PROMPT:
Beginning with the line that holds "(¬3) في المسند" and ending with the last line below, repeat each line exactly, leaving any pictures out.

INFORMATION PROVIDED:
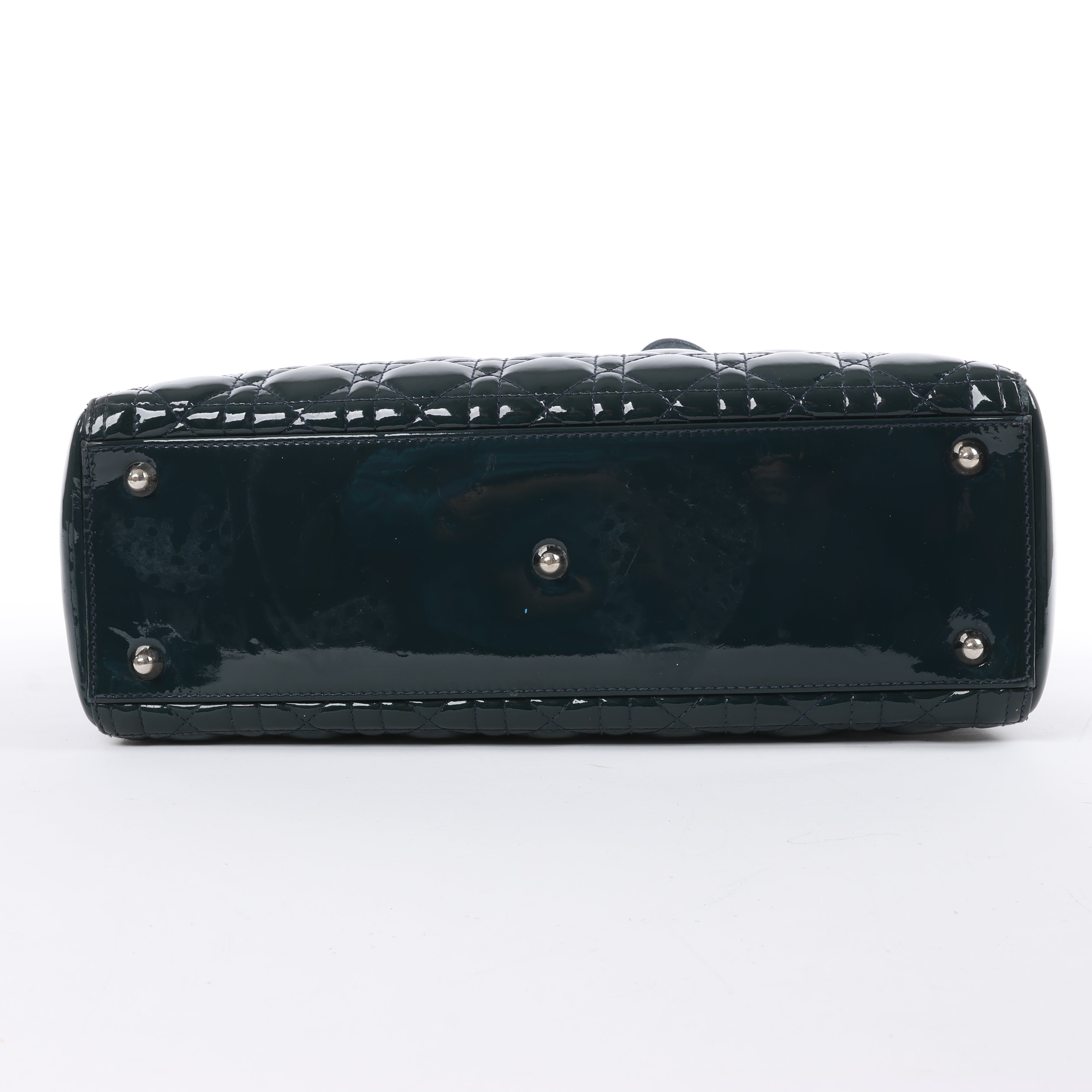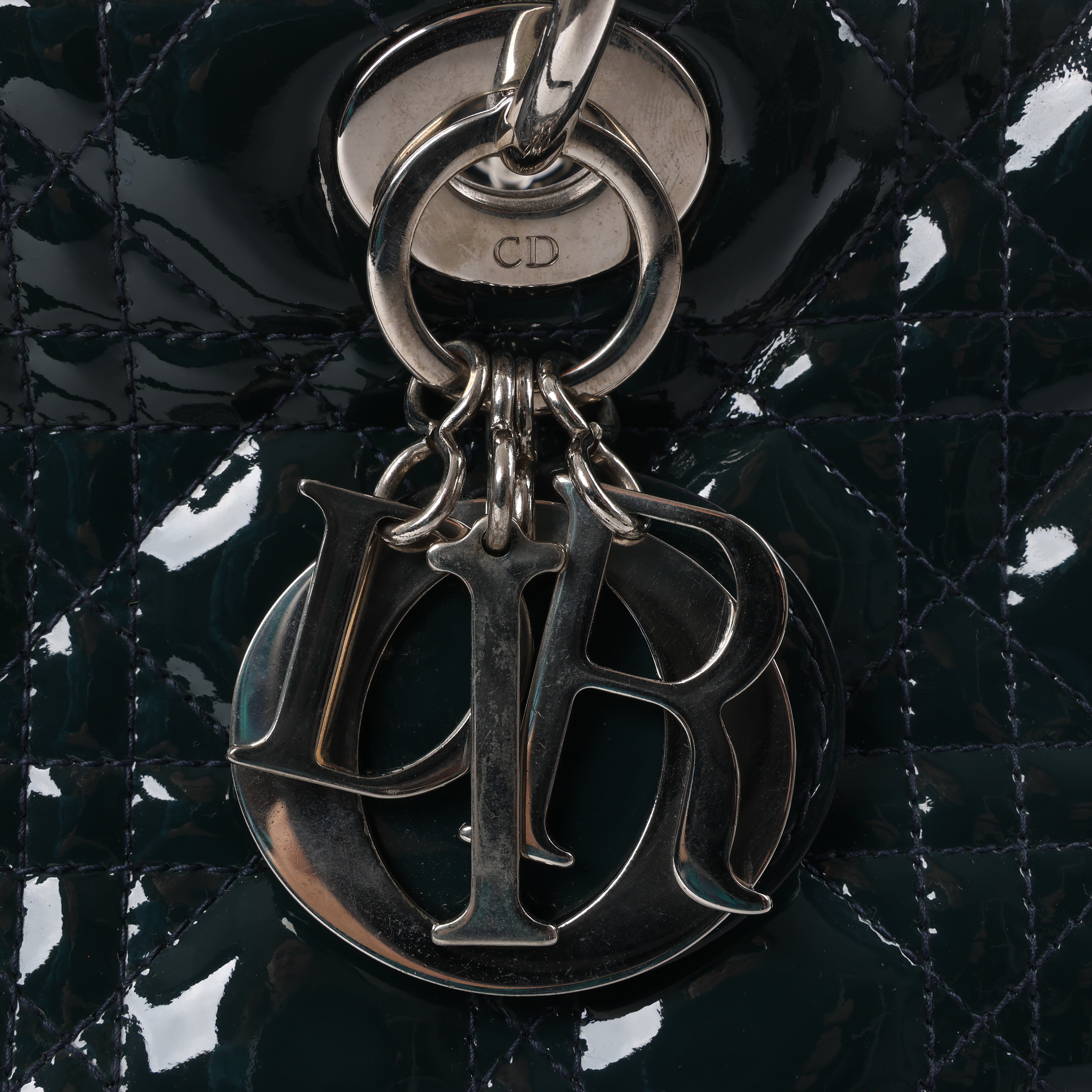Christian Dior Lady Dior Large handbag in deep green Cannage patent leather with silver-tone hardware. Iconic Dior charms, structured top handles, and detachable strap offer refined elegance with versatile 2-way wear.
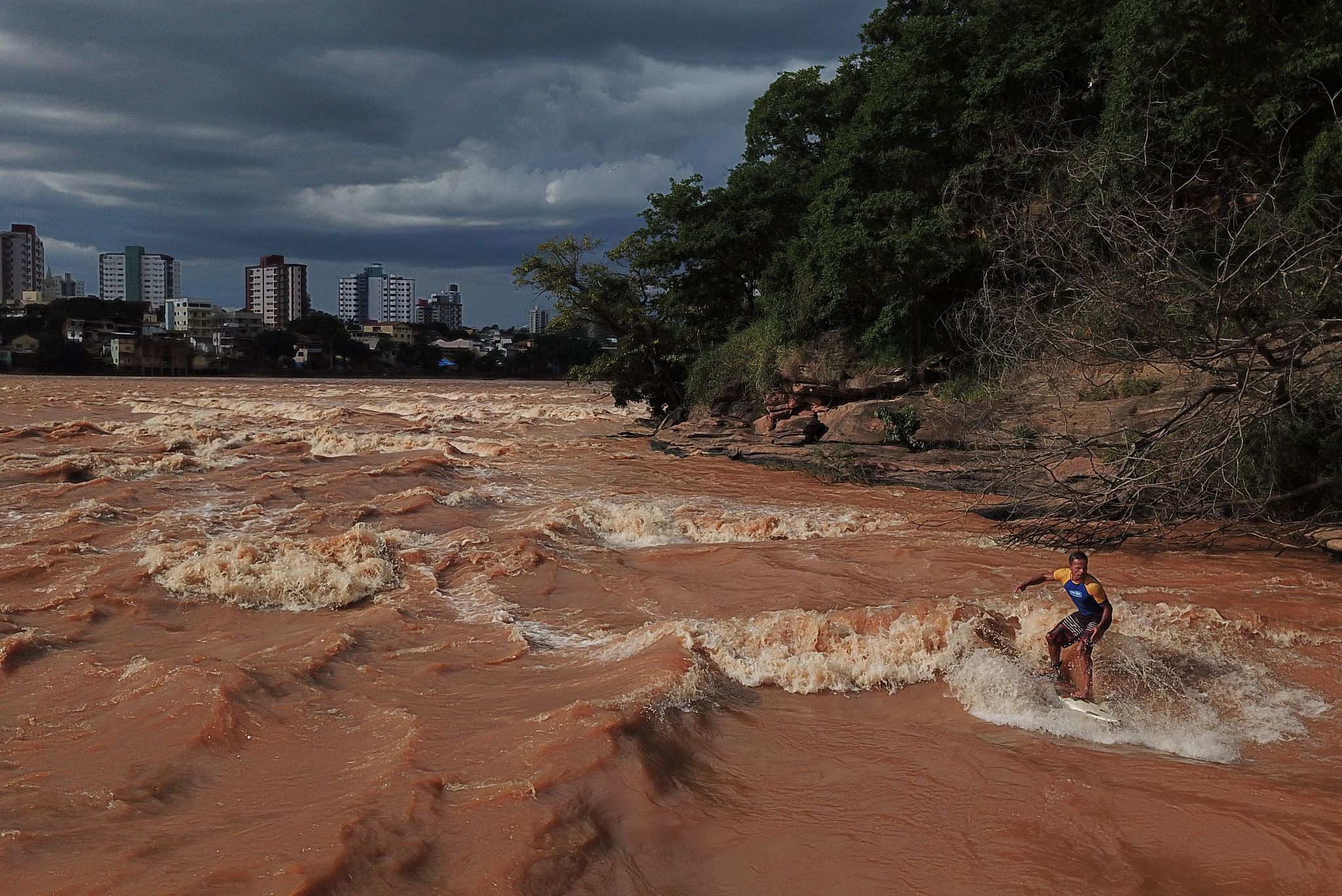 Em 9 de janeiro de 2021, na cidade de Governador Valadares, o surfista Paulo Guido surfa no rio Doce. Com a chegada da estação das chuvas em Minas Gerais, o nível das águas do rio subiu, atraindo os surfistas que não têm praias para mostrar suas habilidades.
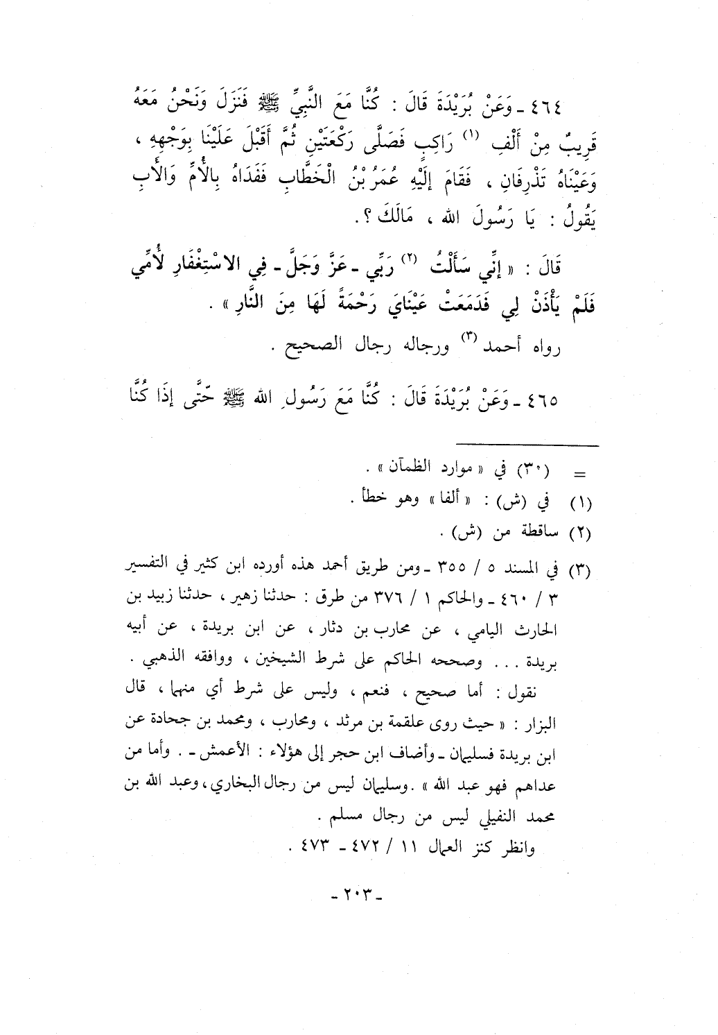 (¬3) في المسند 5/ 355 - ومن طريق أحمد هذه أورده ابن كثير في التفسير 3/ 460 - والحاكم 1/ 376 من طرق: حدثنا زهير، حدثنا زبيد بن الحارث اليامي، عن محارب بن دثار، عن ابن بريدة، عن أبيه بريدة ... وصححه الحاكم على شرط الشيخين، ووافقه الذهبي.
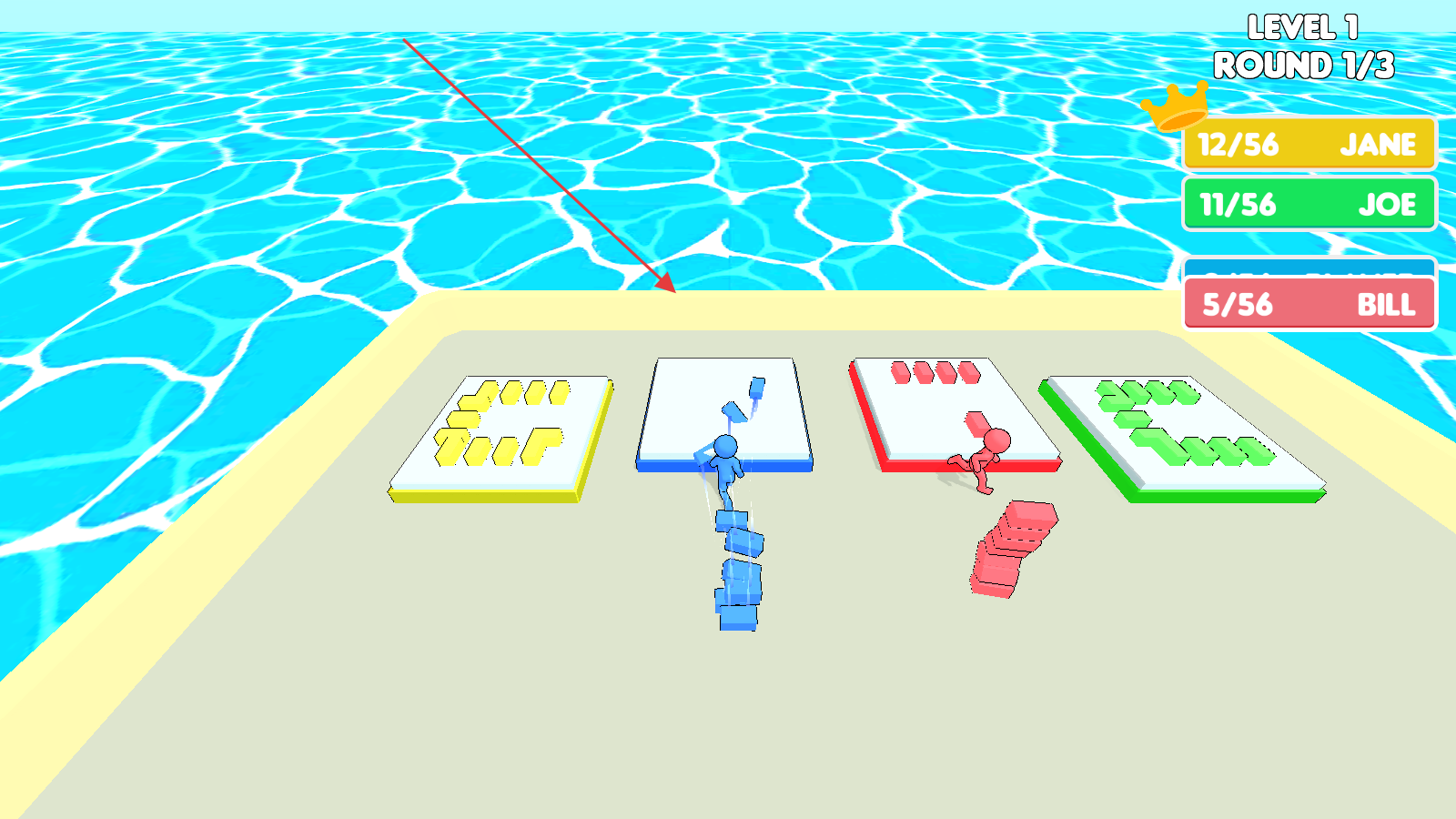 3、將收集到的方塊搬運到自己的區域,進行堆積,增加區域內方塊的數量,以此來提升自己的分數。

EXERCISE RESPONSE:
 (¬3) في المسند 5/ 355 - ومن طريق أحمد هذه أورده ابن كثير في التفسير 3/ 460 - والحاكم 1/ 376 من طرق: حدثنا زهير، حدثنا زبيد بن الحارث اليامي، عن محارب بن دثار، عن ابن بريدة، عن أبيه بريدة ... وصححه الحاكم على شرط الشيخين، ووافقه الذهبي.
 3、將收集到的方塊搬運到自己的區域,進行堆積,增加區域內方塊的數量,以此來提升自己的分數。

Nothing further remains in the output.